Pages

Kamis, 17 Desember 2015

Ghaziyah binti Jabir bin Hakim.

BCM/12/Sirah Shahabiyah/CIDIS/081215

Nama beliau adalah Ghaziyah binti Jabir bin Hakim. Beliau seorang wanita dari Quraisy wanita dari Bani Amir bin Lu’ai dan ia pernah menjadi istri Abu al-Akr ad-Dausi.


Beliau merasa simpati hatinya dgn Islam sejak masih di Mekah hingga menjadi mantaplah iman di hatinya dan beliau memahami kewajiban dirinya terhadap din yg lurus sehingga beliau mempersembahkan hidupnya utk menyebarkan dakwah tauhid meninggikan kalimat Allah dan mengibarkan panji laa ilaha illallahu muhammadur rasulullahi.
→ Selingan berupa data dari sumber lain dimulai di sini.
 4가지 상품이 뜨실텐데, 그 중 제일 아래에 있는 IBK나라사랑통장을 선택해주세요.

Mulailah Ummu Syuraik bergerak utk berdakwah dan mengajak wanita-wanita Quraisy secara sembunyi-sembunyi. Beliau berdakwah kepada mereka memberikan dorongan-dorongan agar mereka masuk Islam tanpa kenal lelah dan jemu. Beliau menyadari resiko yg akan menimpa dirinya baik pengorbanan maupun penderitaan serta resiko yg telah menghadangnya berupa gangguan dan siksaan terhadap jiwa dan harta. Akan tetapi iman bukanlah sekedar kalimat yg diucapkan oleh lisan melainkan iman pada hakikatnya memiliki konsekuensi dan amanah yg mengandung beban dan iman berarti jihad yg membutuhkan kesabaran.
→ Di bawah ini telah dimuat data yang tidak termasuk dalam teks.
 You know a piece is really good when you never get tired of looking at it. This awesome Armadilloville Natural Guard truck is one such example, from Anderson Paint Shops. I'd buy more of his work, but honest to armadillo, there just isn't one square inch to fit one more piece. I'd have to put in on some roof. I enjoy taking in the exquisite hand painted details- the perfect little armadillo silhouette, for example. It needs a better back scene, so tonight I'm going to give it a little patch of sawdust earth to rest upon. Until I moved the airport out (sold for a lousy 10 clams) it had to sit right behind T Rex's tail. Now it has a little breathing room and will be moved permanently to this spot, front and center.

Takdir Allah menghendaki setelah masa berlalu beberapa lama mulailah hari-hari ujian hari-hari menghadapi cobaan yg mana aktivitas Ummu Syuraik ra telah diketahui penduduk Mekah. Akhirnya mereka menangkap beliau dan berkata “Kalaulah bukan krn kaum kamu kami akan tangani sendiri. Akan tetapi kami akan menyerahkan kamu kepada mereka.” Ummu Syuraik berkata “Maka datanglah keluarga Abu al-Akr kepadaku kemudian berkata ‘Jangan-jangan engkau telah masuk kepada agamanya ?’ Beliau berkata ‘Demi Allah aku telah masuk agama Muhammad’. Mereka berkata ‘Demi Allah aku akan menyiksamu dgn siksaan yg berat’.


Kemudian mereka membawaku dari rumah kami kami berada di Dzul Khalashah mereka ingin membawaku ke sebuah tempat dgn mengendarai seekor onta lemah yakni kendaraan mereka yg paling jelek dan kasar. Mereka memberiku makan dan madu akan tetapi tidak memberikan setetes air pun kepadaku. Hingga manakala tengah hari dan matahari telah terasa panas mereka menurunkan aku dan memukuliku kemudian mereka meninggalkanku di tengah teriknya matahari hingga hampir-hampir hilang akalku pendengaranku dan penglihatanku. Mereka melakukan hal itu selama tiga hari. Tatkala hari ketiga mereka berkata kepadaku ‘Tinggalkanlah agama yg telah kau pegang!’ Ummu Syuraik berkata ‘Aku sudah tidak lagi dapat mendengar perkataan mereka kecuali satu kata demi satu kata dan akau hanya mmeberikan isyarat dgn telunjukku ke langit sebagai isyarat tauhid’.”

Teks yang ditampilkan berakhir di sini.